Geschil3.In geschil zijn de waarden van de woningen op de waardepeildatum. Belanghebbende bepleit voor de woningen met huisnummers [adres 11] en [adres 14] een waarde van € 275.000. Hiertoe wijst zij op het verkoopcijfer van [adres 15] . Voor de woningen met huisnummers [adres 1] , [adres 5] en [adres 12] bepleit zij een waarde van € 209.000. Daarbij voert zij aan dat dat deze woningen op dezelfde waarde gewaardeerd dienen te worden als de woningen met huisnummers [adres 2] , [adres 3] , [adres 4] , [adres 6] , [adres 7] , [adres 8] , [adres 9] , [adres 10] en [adres 13] , omdat al deze woningen dezelfde eigenschappen hebben. Daarnaast betoogt belanghebbende dat het vergelijkingsobject [adres 16] en het verkoopcijfer voor [adres 17] een hogere waarde onderbouwen. Belanghebbende heeft ter zitting verklaard zich te kunnen vinden in de WOZ-waarden van de woningen met huisnummers [adres 2] , [adres 3] , [adres 4] , [adres 6] , [adres 7] , [adres 8] , [adres 9] , [adres 10] en [adres 13] , zodat deze waarden niet meer in geschil zijn.

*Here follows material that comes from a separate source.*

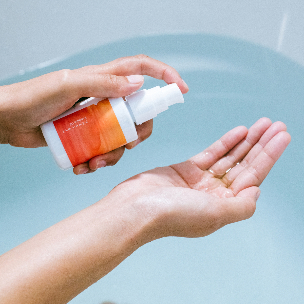 デリケートゾーンを保湿できるフェミニンオイル。肌にうるおいを与え、乾燥を防ぎながらやわらかく整えます。ベタつきにくく、快適な使い心地です
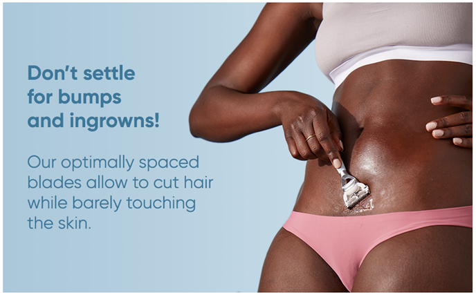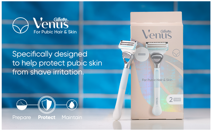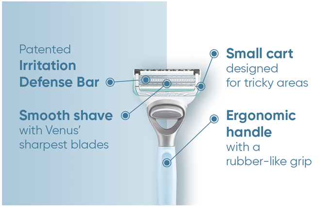 Venus's pubic hair and skin blades are specifically designed to help protect pubic skin from shave irritation. They have a patented irritation defense bar and optimally spaced blades that allow the blades to cut hair while barely touching the skin. Also, the razor refills come equipped with a precision Trimmer on the back of the blades to help with tricky areas.

4. De heffingsambtenaar stelt zich op het standpunt dat de beroepen ongegrond moeten worden verklaard. Ter onderbouwing van dit standpunt heeft de heffingsambtenaar onder meer twee matrices overgelegd. In de matrix voor de woningen met huisnummers [adres 11] en [adres 14] is de waarde voor de woningen bepaald op € 246.508 en zijn de volgende vergelijkingsobjecten opgenomen: [adres 15] , verkocht op 26 oktober 2021 voor € 335.000; [adres 18] , verkocht op 20 mei 2021 voor € 285.000 en [adres 19] , verkocht op 28 januari 2020 voor € 230.000. In de matrix voor de woningen met de overige huisnummers is de waarde voor de woningen bepaald op € 192.829 en zijn de volgende vergelijkingsobjecten opgenomen: [adres 20] , verkocht op 3 maart 2020 voor € 205.000; [adres 16] , verkocht op 17 februari 2020 voor € 195.000 en [adres 21] , verkocht op 23 juli 2020 voor € 212.500.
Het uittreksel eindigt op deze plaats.